As a coach, what does success look like? How do you want your players, your coaching staff, your parents to view success?  What is a successful season?  The answer to this question is different for coaches, but it is the question that is of crucial importance.  I believe that many coaches do not define success; they do not invest the time to think about what success means and looks like for their program, they are not intentional and purposeful about their coaching philosophy.  Many coaches confuse success with goals.  Most coaches are great at goal setting – Win a championship, make the playoffs, score more goals than the other team, etc.  Goal setting is a good thing, but if you do not have the foundation and understanding of what success looks like, you have done your players a disservice.  Goal setting is getting your players to chop down trees, understanding what success looks like is making sure your players are in the right forest.  Here is my advice that will hopefully help you define success for your program.  This is not a quick process, take your time and be intentional.  This has helped me and it is important to revisit regularly

1.    From the end we find our beginning – When your players and coaches walk away at the end of the season, what do you want them to take with them?  What knowledge? What values? What principles? When you take time to answer these questions hopefully you will arrive at the fact that you are teaching more than winning or losing.  You, as a coach, are teaching life.  You are teaching kids how to work as a team, how to communicate effectively, the benefits of hard work and discipline, how to handle adversity, etc.  These principles and life lessons will serve your team infinitely more than winning a championship.

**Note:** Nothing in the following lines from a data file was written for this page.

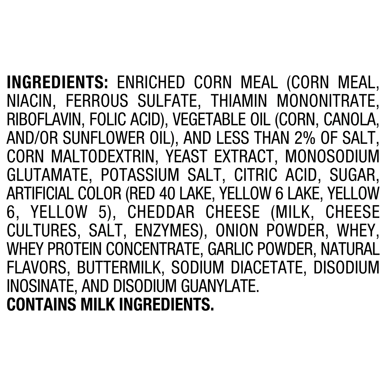 Ingredients :Enriched Corn Meal (Corn Meal, Ferrous Sulfate, Niacin, Thiamin Mononitrate, Riboflavin, Folic Acid), Vegetable Oil (Corn, Canola, and/or Sunflower Oil), Flamin' Hot Seasoning (Maltodextrin [Made from Corn], Salt, Sugar, Monosodium Glutamate, Yeast Extract, Citric Acid, Artificial Color [Red 40 Lake, Yellow 6 Lake, Yellow 6, Yellow 5], Sunflower Oil, Cheddar Cheese [Milk, Cheese Cultures, Salt, Enzymes], Onion Powder, Whey, Whey Protein Concentrate, Garlic Powder, Natural Flavor, Buttermilk, Sodium Diacetate, Disodium Inosinate, Disodium Guanylate), and Salt.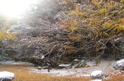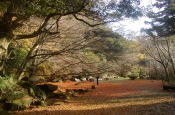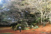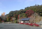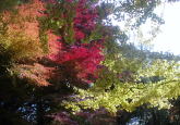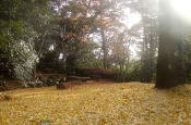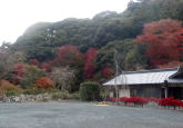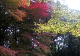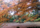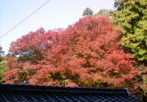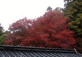 黄ケヤキは色づきました。雪舟の庭周辺は日当たりが悪い為、なかなか色づきません。山王権現横の大モミジは急速に赤くなりました。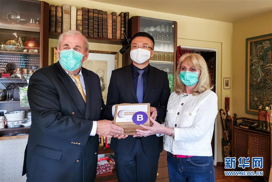4月21日,在德国西南部城市海德堡,托马斯·拉贝(左)与夫人接受中国捐赠的防疫物资。 新华社发(中国驻德国大使馆供图)

2.   Experience is the best teacher – Think about your coaches, teachers and mentors.  What did they teach you that is worthy of paying forward? What did you learn from them that you would do differently?

3.   Process not outcome – In our culture we measure success by wins.  As an athlete, I know that in order to have a championship season you need a lot of luck and a solid foundation.  A couple of pipes here or there and a season can turnout completely different.  Focus on the process.  How can you structure your practice in such a way that you are teaching success everyday?  The process is and always will be more important than the outcome.  Focus your energy here, it is the one thing you can control.

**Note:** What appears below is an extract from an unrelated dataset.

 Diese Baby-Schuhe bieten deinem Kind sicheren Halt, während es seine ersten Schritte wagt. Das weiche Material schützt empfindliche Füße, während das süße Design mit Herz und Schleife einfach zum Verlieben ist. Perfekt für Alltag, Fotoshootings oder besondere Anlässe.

4.   Communicate – Tell your coaches, tell your players, tell you parents. And then tell them again. And again.  And again.  Tell them what a successful season looks like to you, what is important and why.

5.   Practice what you preach – All eyes are on you as a coach whether you like it or not.  It comes with the territory.  Nothing undermines trust as fast as a hypocrite.  Kids are very perceptive.  Your actions must reflect your words.  If you make a mistake along the way, which if you are honest with yourself this will happen (guess what? You are human), admit it and move on.  Do not pretend like it did not happen.  Ask your staff to keep you honest.  Ask them if you are walking the walk.  If you believe it, live it and kids will follow your example.

This helps me as a coach, player and person and I hope it helps you, your athletes and your program. It is important to revisit at the beginning of every season.  Take the time to make sure you are in the right forest before you start chopping trees!